# Researching a Pairs Trading Strategy

Adapted from a Quantopian notebook by Delaney Granizo-Mackenzie

Updated for Python 3 and modern Pandas by Ken Gleason

Part of the Quantopian Lecture Series:

* [www.quantopian.com/lectures](https://www.quantopian.com/lectures)
* [github.com/quantopian/research_public](https://github.com/quantopian/research_public)
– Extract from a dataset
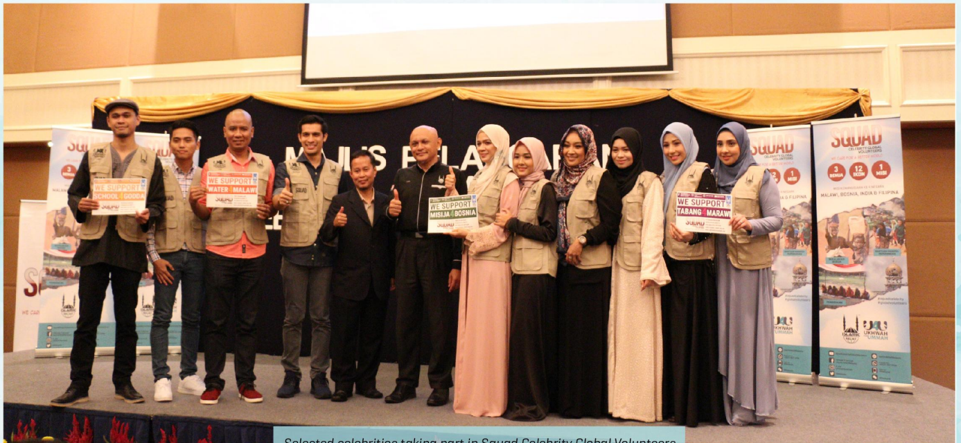
Selected celebrities taking part in Squad Celebrity Global Volunteers

Islamic Relief Malaysia (IRM) and Ukhwah 4 Ummah (U4U) launched a humanitarian mission namely Squad Celebrity Global Volunteers Project and worked together alongside local celebrities.

Notebook released under the Creative Commons Attribution 4.0 License.

---

Pairs trading is a nice example of a strategy based on mathematical analysis. The principle is as follows. Let's say you have a pair of securities X and Y that have some underlying economic link. An example might be two companies that manufacture the same product, or two companies in one supply chain. We'll start by constructing an artificial example.

In [None]:
%matplotlib inline

import numpy as np
import pandas as pd
import seaborn as sns

import statsmodels
from statsmodels.tsa.stattools import coint
# just set the seed for the random number generator
np.random.seed(107)

import matplotlib
import matplotlib.pyplot as plt

matplotlib.rcParams[ 'figure.figsize' ] = ( 14, 8 )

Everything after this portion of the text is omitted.